For the roughly 200 remaining positions in the senior management group not specifically identified above, salaries will be frozen, disallowing any consideration for merit or equity increases. Consistent with the standards and guidance provided above, stipends or promotional increases may be considered on a case-by-case basis. If an individual in this group receives a bona fide offer of employment, a retention increase may be considered on a case-by-case basis, upon review of supporting documentation. Any recommendations for stipends, or promotion or retention increases for this group will be subject to review by the president and approval by the Regents.
This action follows the recent suspension of merit and equity increases for senior managers and senior professional staff, and is the latest in a series of actions taken by the university to deal with a significant funding shortfall. Estimated savings due to the elimination of the merit/equity program for senior managers is approximately $1.3 million per year.
In addition to freezing salaries for senior managers, Yudof's plan also includes restrictions on the university's systemwide employee recognition and development program, and similar campus-based bonus programs. Pending payments for senior management group members and others with annual salaries in excess of $205,000 will be canceled. The plan also significantly restricts any cash awards under this program for fiscal years 2008-09 and 2009-10, by, limiting participation to only non-senior management staff whose annual salaries are less than $100,000, and limiting those awards to no more than $1,000 total in any year.
Only certain incentive plans, such as the regentally approved Clinical Enterprise Management Recognition Plan pertaining to key hospital and clinical leadership positions, will be continued. The Clinical Enterprise Management Recognition Plan is supported by hospital revenues and does not involve state funding. Yudof's plan implements limitations on payouts but recognizes the value of these programs that reward staff for improvements in patient safety and satisfaction, quality of care, and other hospital priorities. These incentive programs are also important competitive components of the participants' total compensation.

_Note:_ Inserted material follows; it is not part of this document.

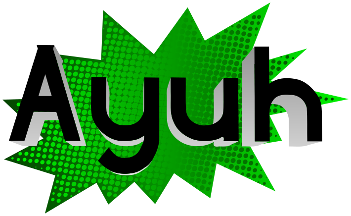 This features a green and white sign with the word "AYUH" written on it. This word is likely an acronym or abbreviation, but without further context, it's difficult to determine its exact meaning. The sign appears to be placed in front of a background that has a pop art style, giving it a unique and eye-catching appearance.

"These are extremely difficult times, and we must make difficult decisions," said Yudof. "Although I regret very much the impact of these actions on our very dedicated and valuable employees, I believe they are consistent with our obligation as a public institution, and are warranted given the historic economic crisis confronting us."
UC has already taken, or is considering, a range of actions to respond to the state's fiscal crisis, and the president and the chancellors are working diligently to reduce all unnecessary expenditures to conserve resources. At the Office of the President in Oakland, reductions have been taken to save approximately $30 million this year, and additional reductions will be taken in the coming months. All locations are limiting travel expenditures, equipment and other purchases. Severe restrictions are also in place limiting the ability to fill vacant employee positions. All of these actions coupled with ongoing strategic reductions in budgets systemwide are critical to the university's ability to withstand these financial difficulties.
Yudof's plan aligns with Gov. Arnold Schwarzenegger's recent orders to reduce and limit personnel-related costs for state employees, which request that UC and other entities enact similar measures.